• **WORK ITEM**
Write out the data exactly as given, dropping every picture.

--- SOURCE MATERIAL Enclosed Below ---

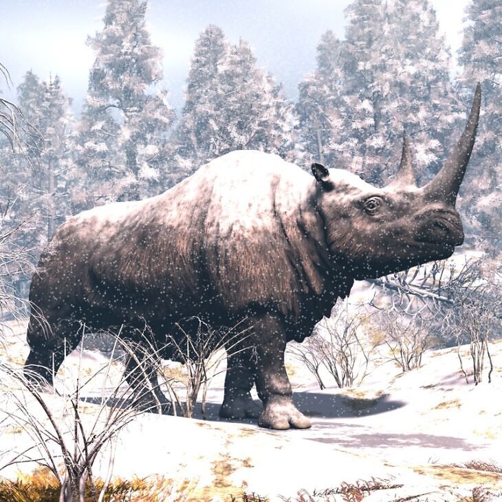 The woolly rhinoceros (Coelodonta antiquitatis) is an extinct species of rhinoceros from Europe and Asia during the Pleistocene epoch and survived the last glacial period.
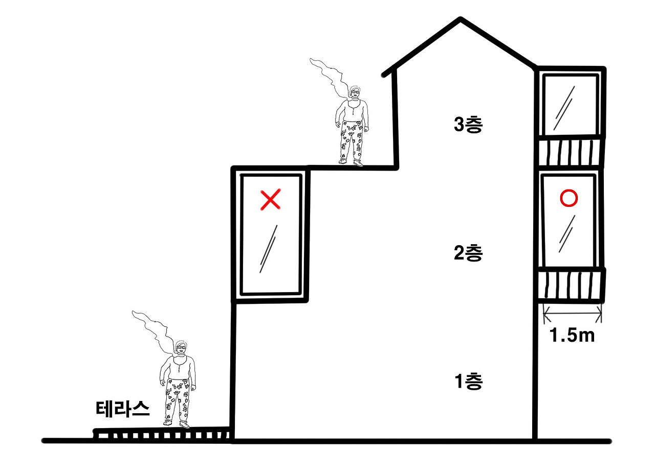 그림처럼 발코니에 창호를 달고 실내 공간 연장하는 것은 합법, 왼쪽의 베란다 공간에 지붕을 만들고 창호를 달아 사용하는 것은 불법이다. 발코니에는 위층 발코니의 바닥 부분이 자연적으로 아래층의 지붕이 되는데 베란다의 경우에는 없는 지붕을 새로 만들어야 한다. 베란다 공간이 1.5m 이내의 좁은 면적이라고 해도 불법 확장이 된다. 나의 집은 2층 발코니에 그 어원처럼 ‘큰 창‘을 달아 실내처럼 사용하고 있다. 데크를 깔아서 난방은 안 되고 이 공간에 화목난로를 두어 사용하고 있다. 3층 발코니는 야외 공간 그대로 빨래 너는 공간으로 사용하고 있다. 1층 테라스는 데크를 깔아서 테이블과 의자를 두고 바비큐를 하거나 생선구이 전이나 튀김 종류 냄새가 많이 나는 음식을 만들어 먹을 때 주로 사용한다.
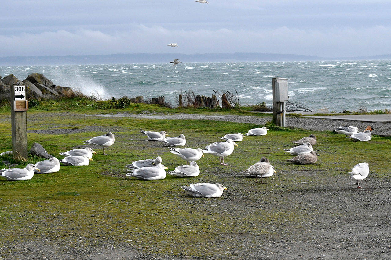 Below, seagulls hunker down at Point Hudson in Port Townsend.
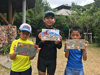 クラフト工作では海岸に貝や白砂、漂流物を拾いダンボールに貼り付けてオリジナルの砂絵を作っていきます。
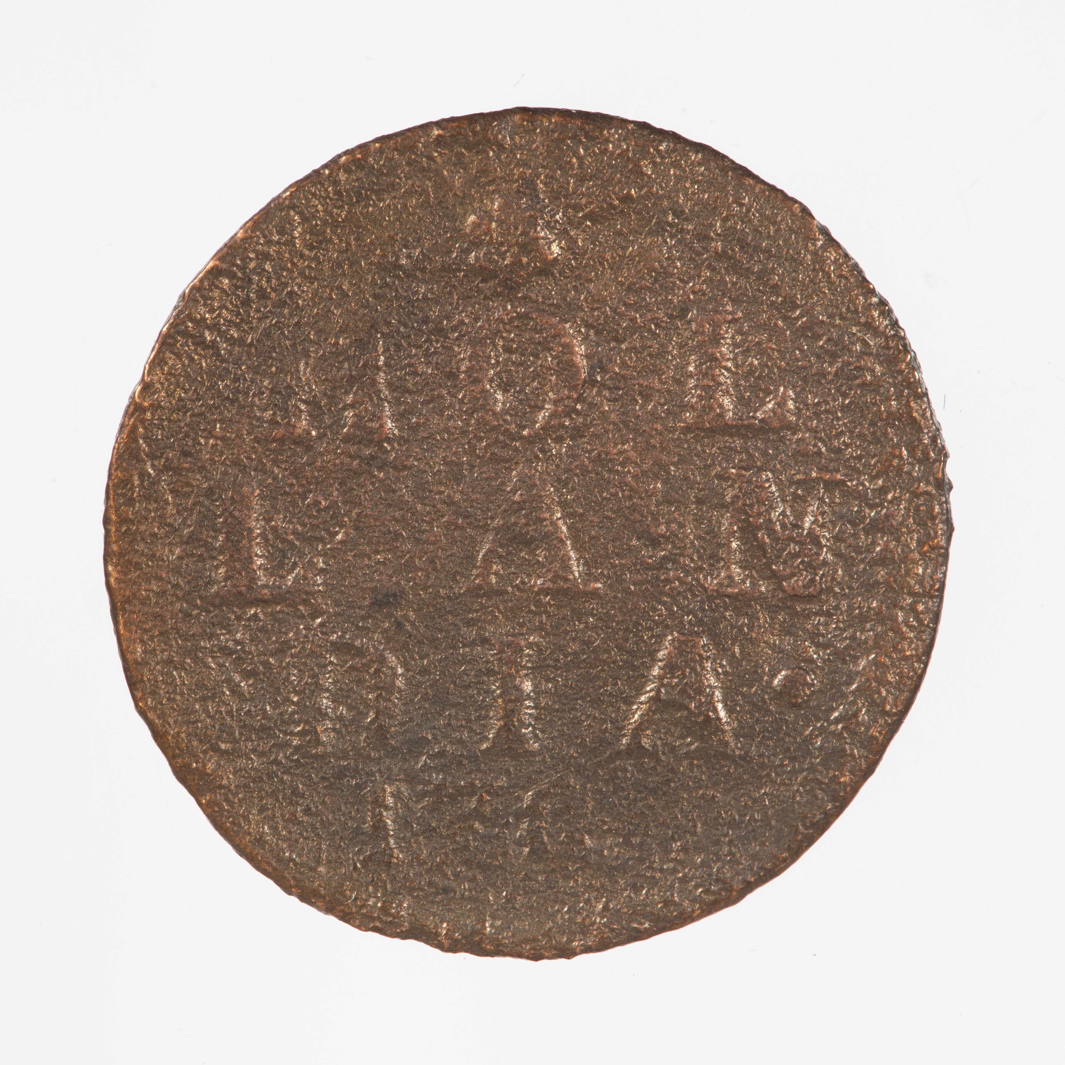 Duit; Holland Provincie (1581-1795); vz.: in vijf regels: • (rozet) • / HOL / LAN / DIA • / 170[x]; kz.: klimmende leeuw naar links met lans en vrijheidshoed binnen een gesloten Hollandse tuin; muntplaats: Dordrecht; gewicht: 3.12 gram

--- End of Enclosed SOURCE MATERIAL ---

• **RESULT FOR THIS EXERCISE**
 The woolly rhinoceros (Coelodonta antiquitatis) is an extinct species of rhinoceros from Europe and Asia during the Pleistocene epoch and survived the last glacial period.
 그림처럼 발코니에 창호를 달고 실내 공간 연장하는 것은 합법, 왼쪽의 베란다 공간에 지붕을 만들고 창호를 달아 사용하는 것은 불법이다. 발코니에는 위층 발코니의 바닥 부분이 자연적으로 아래층의 지붕이 되는데 베란다의 경우에는 없는 지붕을 새로 만들어야 한다. 베란다 공간이 1.5m 이내의 좁은 면적이라고 해도 불법 확장이 된다. 나의 집은 2층 발코니에 그 어원처럼 ‘큰 창‘을 달아 실내처럼 사용하고 있다. 데크를 깔아서 난방은 안 되고 이 공간에 화목난로를 두어 사용하고 있다. 3층 발코니는 야외 공간 그대로 빨래 너는 공간으로 사용하고 있다. 1층 테라스는 데크를 깔아서 테이블과 의자를 두고 바비큐를 하거나 생선구이 전이나 튀김 종류 냄새가 많이 나는 음식을 만들어 먹을 때 주로 사용한다.
 Below, seagulls hunker down at Point Hudson in Port Townsend.
 クラフト工作では海岸に貝や白砂、漂流物を拾いダンボールに貼り付けてオリジナルの砂絵を作っていきます。
 Duit; Holland Provincie (1581-1795); vz.: in vijf regels: • (rozet) • / HOL / LAN / DIA • / 170[x]; kz.: klimmende leeuw naar links met lans en vrijheidshoed binnen een gesloten Hollandse tuin; muntplaats: Dordrecht; gewicht: 3.12 gram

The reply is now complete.